>>>>

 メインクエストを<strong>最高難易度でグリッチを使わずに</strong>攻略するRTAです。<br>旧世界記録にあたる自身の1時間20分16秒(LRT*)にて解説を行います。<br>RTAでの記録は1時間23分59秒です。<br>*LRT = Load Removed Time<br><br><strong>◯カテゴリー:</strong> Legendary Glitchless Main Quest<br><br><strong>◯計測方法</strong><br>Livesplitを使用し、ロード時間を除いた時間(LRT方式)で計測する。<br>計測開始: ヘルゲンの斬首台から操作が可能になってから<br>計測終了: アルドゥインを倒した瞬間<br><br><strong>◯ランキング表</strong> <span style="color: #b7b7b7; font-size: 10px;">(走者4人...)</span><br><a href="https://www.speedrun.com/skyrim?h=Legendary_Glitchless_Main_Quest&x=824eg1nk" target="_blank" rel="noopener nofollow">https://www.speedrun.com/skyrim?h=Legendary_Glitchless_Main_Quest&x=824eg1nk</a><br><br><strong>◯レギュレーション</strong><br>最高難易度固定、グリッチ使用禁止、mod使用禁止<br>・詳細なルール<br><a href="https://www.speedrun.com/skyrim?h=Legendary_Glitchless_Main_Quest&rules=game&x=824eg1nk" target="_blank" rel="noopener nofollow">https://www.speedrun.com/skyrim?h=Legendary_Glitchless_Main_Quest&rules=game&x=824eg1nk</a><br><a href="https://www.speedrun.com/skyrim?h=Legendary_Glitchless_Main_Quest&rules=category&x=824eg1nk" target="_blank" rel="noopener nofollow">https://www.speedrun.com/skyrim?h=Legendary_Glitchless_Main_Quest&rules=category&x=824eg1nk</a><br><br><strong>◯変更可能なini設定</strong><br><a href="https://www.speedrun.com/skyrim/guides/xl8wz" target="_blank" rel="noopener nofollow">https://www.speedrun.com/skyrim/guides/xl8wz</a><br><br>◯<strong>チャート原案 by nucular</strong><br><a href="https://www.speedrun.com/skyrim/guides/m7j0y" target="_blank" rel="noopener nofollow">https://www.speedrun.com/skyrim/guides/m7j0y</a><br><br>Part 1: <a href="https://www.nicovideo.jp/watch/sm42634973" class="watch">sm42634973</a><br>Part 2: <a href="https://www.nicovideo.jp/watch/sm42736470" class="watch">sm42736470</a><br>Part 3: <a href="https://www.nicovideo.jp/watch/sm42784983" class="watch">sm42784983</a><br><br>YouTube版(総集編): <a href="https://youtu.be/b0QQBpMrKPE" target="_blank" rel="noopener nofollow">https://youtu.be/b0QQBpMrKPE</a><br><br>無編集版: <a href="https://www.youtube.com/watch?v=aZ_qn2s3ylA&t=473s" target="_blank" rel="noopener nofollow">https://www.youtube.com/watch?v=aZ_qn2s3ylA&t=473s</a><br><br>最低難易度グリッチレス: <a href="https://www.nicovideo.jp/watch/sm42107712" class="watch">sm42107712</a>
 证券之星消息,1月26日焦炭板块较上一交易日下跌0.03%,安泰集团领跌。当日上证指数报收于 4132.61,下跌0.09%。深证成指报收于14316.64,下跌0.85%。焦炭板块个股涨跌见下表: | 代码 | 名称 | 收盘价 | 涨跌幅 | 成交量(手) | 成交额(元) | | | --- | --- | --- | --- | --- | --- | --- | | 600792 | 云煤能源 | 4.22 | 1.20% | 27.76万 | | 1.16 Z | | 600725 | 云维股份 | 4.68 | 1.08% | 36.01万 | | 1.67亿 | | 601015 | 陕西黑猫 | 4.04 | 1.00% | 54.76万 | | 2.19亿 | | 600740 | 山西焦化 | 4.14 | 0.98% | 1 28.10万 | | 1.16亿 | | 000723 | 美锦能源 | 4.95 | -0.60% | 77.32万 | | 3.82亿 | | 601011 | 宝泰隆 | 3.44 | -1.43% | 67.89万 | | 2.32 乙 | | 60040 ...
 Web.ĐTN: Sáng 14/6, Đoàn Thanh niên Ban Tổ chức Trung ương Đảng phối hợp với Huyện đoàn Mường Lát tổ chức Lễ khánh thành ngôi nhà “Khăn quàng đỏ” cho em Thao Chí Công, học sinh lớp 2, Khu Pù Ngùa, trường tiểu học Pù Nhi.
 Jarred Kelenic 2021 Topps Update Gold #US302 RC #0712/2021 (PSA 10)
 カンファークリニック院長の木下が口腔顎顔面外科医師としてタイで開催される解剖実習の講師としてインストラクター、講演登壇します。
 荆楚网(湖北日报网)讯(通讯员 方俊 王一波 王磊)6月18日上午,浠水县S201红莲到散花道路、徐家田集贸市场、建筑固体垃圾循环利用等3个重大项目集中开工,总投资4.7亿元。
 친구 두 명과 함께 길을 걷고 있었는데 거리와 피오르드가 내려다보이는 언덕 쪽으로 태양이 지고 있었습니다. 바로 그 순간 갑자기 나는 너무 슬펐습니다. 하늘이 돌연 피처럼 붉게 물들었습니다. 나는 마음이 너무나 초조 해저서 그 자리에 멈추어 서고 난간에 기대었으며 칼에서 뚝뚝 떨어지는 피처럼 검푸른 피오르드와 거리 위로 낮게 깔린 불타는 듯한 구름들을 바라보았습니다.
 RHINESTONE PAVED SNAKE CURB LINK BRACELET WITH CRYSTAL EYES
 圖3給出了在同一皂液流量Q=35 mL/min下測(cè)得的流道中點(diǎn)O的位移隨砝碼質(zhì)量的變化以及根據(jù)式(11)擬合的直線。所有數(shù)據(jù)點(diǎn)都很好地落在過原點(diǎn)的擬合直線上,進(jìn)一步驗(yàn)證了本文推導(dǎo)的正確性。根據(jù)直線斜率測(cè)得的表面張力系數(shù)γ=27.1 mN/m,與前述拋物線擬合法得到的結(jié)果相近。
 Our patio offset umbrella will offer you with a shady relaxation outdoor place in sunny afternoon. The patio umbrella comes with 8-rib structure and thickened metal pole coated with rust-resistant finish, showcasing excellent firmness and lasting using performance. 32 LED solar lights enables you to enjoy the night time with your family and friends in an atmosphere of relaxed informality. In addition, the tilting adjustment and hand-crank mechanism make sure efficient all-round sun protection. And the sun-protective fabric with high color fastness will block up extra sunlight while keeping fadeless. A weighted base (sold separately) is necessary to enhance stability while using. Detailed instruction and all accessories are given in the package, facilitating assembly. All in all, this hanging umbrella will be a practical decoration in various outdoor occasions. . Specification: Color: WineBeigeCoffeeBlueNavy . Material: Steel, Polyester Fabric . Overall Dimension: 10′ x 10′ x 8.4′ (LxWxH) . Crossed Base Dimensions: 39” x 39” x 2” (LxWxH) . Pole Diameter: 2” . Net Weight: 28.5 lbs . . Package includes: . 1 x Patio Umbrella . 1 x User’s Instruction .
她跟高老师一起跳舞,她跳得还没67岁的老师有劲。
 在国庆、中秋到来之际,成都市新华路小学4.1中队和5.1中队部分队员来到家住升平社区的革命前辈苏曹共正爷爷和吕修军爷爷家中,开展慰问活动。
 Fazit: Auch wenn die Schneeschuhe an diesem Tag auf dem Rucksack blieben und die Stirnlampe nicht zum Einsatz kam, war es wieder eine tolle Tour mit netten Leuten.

<<<<

WHAT THE TASK REQUIRES: Could you repeat every record above exactly as it appears?

WRITTEN RESPONSE:
 メインクエストを<strong>最高難易度でグリッチを使わずに</strong>攻略するRTAです。<br>旧世界記録にあたる自身の1時間20分16秒(LRT*)にて解説を行います。<br>RTAでの記録は1時間23分59秒です。<br>*LRT = Load Removed Time<br><br><strong>◯カテゴリー:</strong> Legendary Glitchless Main Quest<br><br><strong>◯計測方法</strong><br>Livesplitを使用し、ロード時間を除いた時間(LRT方式)で計測する。<br>計測開始: ヘルゲンの斬首台から操作が可能になってから<br>計測終了: アルドゥインを倒した瞬間<br><br><strong>◯ランキング表</strong> <span style="color: #b7b7b7; font-size: 10px;">(走者4人...)</span><br><a href="https://www.speedrun.com/skyrim?h=Legendary_Glitchless_Main_Quest&x=824eg1nk" target="_blank" rel="noopener nofollow">https://www.speedrun.com/skyrim?h=Legendary_Glitchless_Main_Quest&x=824eg1nk</a><br><br><strong>◯レギュレーション</strong><br>最高難易度固定、グリッチ使用禁止、mod使用禁止<br>・詳細なルール<br><a href="https://www.speedrun.com/skyrim?h=Legendary_Glitchless_Main_Quest&rules=game&x=824eg1nk" target="_blank" rel="noopener nofollow">https://www.speedrun.com/skyrim?h=Legendary_Glitchless_Main_Quest&rules=game&x=824eg1nk</a><br><a href="https://www.speedrun.com/skyrim?h=Legendary_Glitchless_Main_Quest&rules=category&x=824eg1nk" target="_blank" rel="noopener nofollow">https://www.speedrun.com/skyrim?h=Legendary_Glitchless_Main_Quest&rules=category&x=824eg1nk</a><br><br><strong>◯変更可能なini設定</strong><br><a href="https://www.speedrun.com/skyrim/guides/xl8wz" target="_blank" rel="noopener nofollow">https://www.speedrun.com/skyrim/guides/xl8wz</a><br><br>◯<strong>チャート原案 by nucular</strong><br><a href="https://www.speedrun.com/skyrim/guides/m7j0y" target="_blank" rel="noopener nofollow">https://www.speedrun.com/skyrim/guides/m7j0y</a><br><br>Part 1: <a href="https://www.nicovideo.jp/watch/sm42634973" class="watch">sm42634973</a><br>Part 2: <a href="https://www.nicovideo.jp/watch/sm42736470" class="watch">sm42736470</a><br>Part 3: <a href="https://www.nicovideo.jp/watch/sm42784983" class="watch">sm42784983</a><br><br>YouTube版(総集編): <a href="https://youtu.be/b0QQBpMrKPE" target="_blank" rel="noopener nofollow">https://youtu.be/b0QQBpMrKPE</a><br><br>無編集版: <a href="https://www.youtube.com/watch?v=aZ_qn2s3ylA&t=473s" target="_blank" rel="noopener nofollow">https://www.youtube.com/watch?v=aZ_qn2s3ylA&t=473s</a><br><br>最低難易度グリッチレス: <a href="https://www.nicovideo.jp/watch/sm42107712" class="watch">sm42107712</a>
 证券之星消息,1月26日焦炭板块较上一交易日下跌0.03%,安泰集团领跌。当日上证指数报收于 4132.61,下跌0.09%。深证成指报收于14316.64,下跌0.85%。焦炭板块个股涨跌见下表: | 代码 | 名称 | 收盘价 | 涨跌幅 | 成交量(手) | 成交额(元) | | | --- | --- | --- | --- | --- | --- | --- | | 600792 | 云煤能源 | 4.22 | 1.20% | 27.76万 | | 1.16 Z | | 600725 | 云维股份 | 4.68 | 1.08% | 36.01万 | | 1.67亿 | | 601015 | 陕西黑猫 | 4.04 | 1.00% | 54.76万 | | 2.19亿 | | 600740 | 山西焦化 | 4.14 | 0.98% | 1 28.10万 | | 1.16亿 | | 000723 | 美锦能源 | 4.95 | -0.60% | 77.32万 | | 3.82亿 | | 601011 | 宝泰隆 | 3.44 | -1.43% | 67.89万 | | 2.32 乙 | | 60040 ...
 Web.ĐTN: Sáng 14/6, Đoàn Thanh niên Ban Tổ chức Trung ương Đảng phối hợp với Huyện đoàn Mường Lát tổ chức Lễ khánh thành ngôi nhà “Khăn quàng đỏ” cho em Thao Chí Công, học sinh lớp 2, Khu Pù Ngùa, trường tiểu học Pù Nhi.
 Jarred Kelenic 2021 Topps Update Gold #US302 RC #0712/2021 (PSA 10)
 カンファークリニック院長の木下が口腔顎顔面外科医師としてタイで開催される解剖実習の講師としてインストラクター、講演登壇します。
 荆楚网(湖北日报网)讯(通讯员 方俊 王一波 王磊)6月18日上午,浠水县S201红莲到散花道路、徐家田集贸市场、建筑固体垃圾循环利用等3个重大项目集中开工,总投资4.7亿元。
 친구 두 명과 함께 길을 걷고 있었는데 거리와 피오르드가 내려다보이는 언덕 쪽으로 태양이 지고 있었습니다. 바로 그 순간 갑자기 나는 너무 슬펐습니다. 하늘이 돌연 피처럼 붉게 물들었습니다. 나는 마음이 너무나 초조 해저서 그 자리에 멈추어 서고 난간에 기대었으며 칼에서 뚝뚝 떨어지는 피처럼 검푸른 피오르드와 거리 위로 낮게 깔린 불타는 듯한 구름들을 바라보았습니다.
 RHINESTONE PAVED SNAKE CURB LINK BRACELET WITH CRYSTAL EYES
 圖3給出了在同一皂液流量Q=35 mL/min下測(cè)得的流道中點(diǎn)O的位移隨砝碼質(zhì)量的變化以及根據(jù)式(11)擬合的直線。所有數(shù)據(jù)點(diǎn)都很好地落在過原點(diǎn)的擬合直線上,進(jìn)一步驗(yàn)證了本文推導(dǎo)的正確性。根據(jù)直線斜率測(cè)得的表面張力系數(shù)γ=27.1 mN/m,與前述拋物線擬合法得到的結(jié)果相近。
 Our patio offset umbrella will offer you with a shady relaxation outdoor place in sunny afternoon. The patio umbrella comes with 8-rib structure and thickened metal pole coated with rust-resistant finish, showcasing excellent firmness and lasting using performance. 32 LED solar lights enables you to enjoy the night time with your family and friends in an atmosphere of relaxed informality. In addition, the tilting adjustment and hand-crank mechanism make sure efficient all-round sun protection. And the sun-protective fabric with high color fastness will block up extra sunlight while keeping fadeless. A weighted base (sold separately) is necessary to enhance stability while using. Detailed instruction and all accessories are given in the package, facilitating assembly. All in all, this hanging umbrella will be a practical decoration in various outdoor occasions. . Specification: Color: WineBeigeCoffeeBlueNavy . Material: Steel, Polyester Fabric . Overall Dimension: 10′ x 10′ x 8.4′ (LxWxH) . Crossed Base Dimensions: 39” x 39” x 2” (LxWxH) . Pole Diameter: 2” . Net Weight: 28.5 lbs . . Package includes: . 1 x Patio Umbrella . 1 x User’s Instruction .
她跟高老师一起跳舞,她跳得还没67岁的老师有劲。
 在国庆、中秋到来之际,成都市新华路小学4.1中队和5.1中队部分队员来到家住升平社区的革命前辈苏曹共正爷爷和吕修军爷爷家中,开展慰问活动。
 Fazit: Auch wenn die Schneeschuhe an diesem Tag auf dem Rucksack blieben und die Stirnlampe nicht zum Einsatz kam, war es wieder eine tolle Tour mit netten Leuten.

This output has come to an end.